Hey guys, just recently found a 70" Elite LED for locally for $2500. Is this price too good to pass up? Its supposedly in "excellent condition" and cones with 3D glasses, and stand. I'll have to drive an hour to pick it up.

Is there anything specific I should look for? Was the color issues (cyan ect.) and the pulsating ever fixed with a firmware update? I have until Saturday to decide. This is a big purchase for me so if I do end up buying it, it will be my TV for at least 5 years. By then hopefully oled will be the main technology with all the issues ironed out and be affordable in big screen sizes.


----------



## Tonto (Jun 30, 2007)

Is this a used TV? If so, how old is it, features?
My 1st search, found this. Brand new, full warranty!

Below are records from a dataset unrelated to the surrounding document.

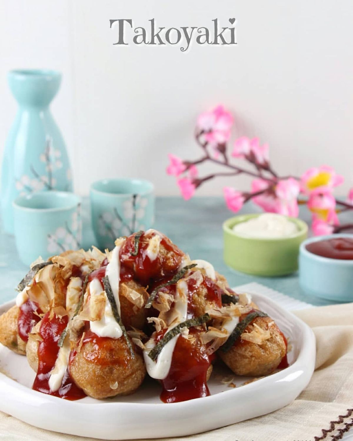 - Sajikan takoyaki hangat-hangat dengan saus, mayonnaise, taburan katsuobushi, dan nori di atasnya.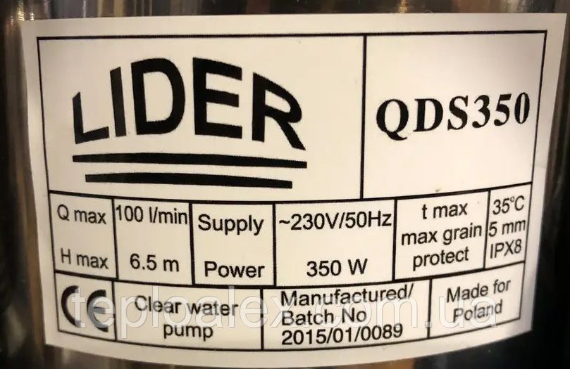 Насос дренажный Lider QDS 350 Вт из нержавейки с медной обмоткой двигателя 0,35 кВт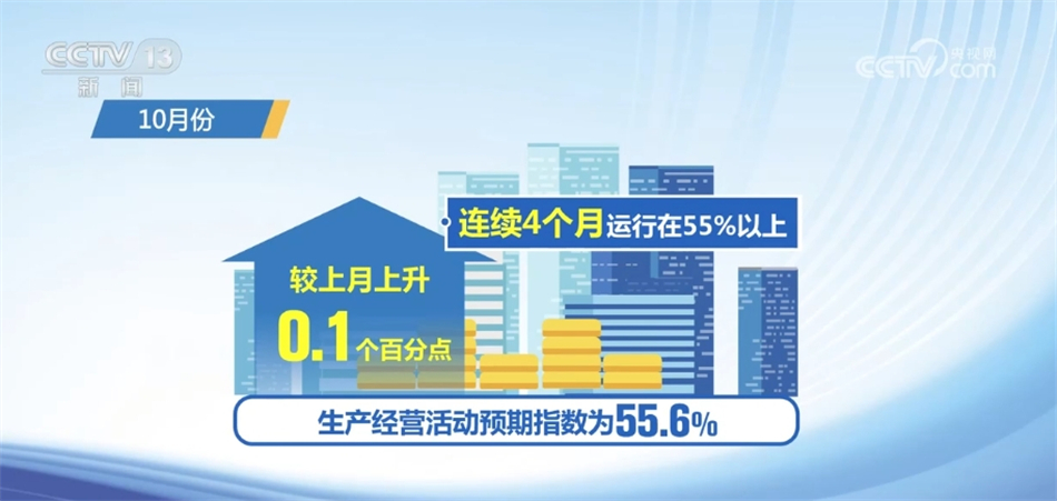 专家表示,10月份尽管经济运行短期有所波动,但是经济平稳向好的基本面没有变化,企业对后市预期也保持乐观。10月份生产经营活动预期指数为55.6%,较上月上升0.1个百分点,连续4个月运行在55%以上。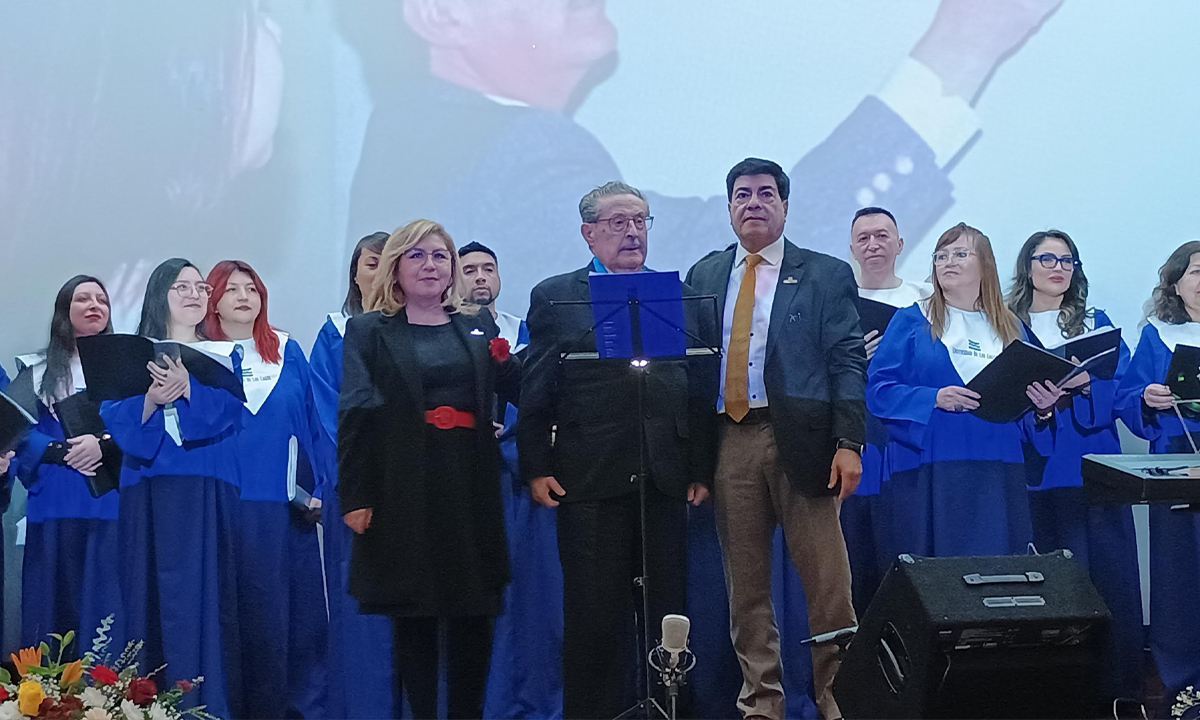 Con la interpretación del coro en el escenario fue el momento propicio para llamar al profesor Burgos a subir hasta él y entregarle una medalla de manos del rector Óscar Garrido y de la prorectora Marcia Adams.

http://www.bestbuy.com/site/panasonic-65-class-64-1-2-diag--led-4k-ultra-hd-tv-2160p-120hz-smart-hdtv/3924033.p?id=1219094473286&skuId=3924033&cmp=RMX&ref=25&loc=SHP&srccode=cii_45538312&cpncode=39-24177573-2

And it is the same price, though 5" smaller.

Or this:

http://www.amazon.com/Sharp-LC-70UQ17U-70-inch-Aquos-1080p/dp/B00HZZZMNI/ref=dp_ob_title_ce

This one is cheaper & brand new! Though only 1080p instead of 4K .


----------



## mclebron23 (Mar 15, 2014)

Its used, he bought it November 2011. He estimated less than 8000 hours on it which us nothing for an LED. This TV is the sharp Elite pro 705xfd which retailed for $8000. Arguably the best led ever made. The 4k TV you linked is nice but I don't know much about it. Its most likely not better than the elite for picture quality and I'm not really interested in 4k. The other TV is just a 70" sharp aquos.


----------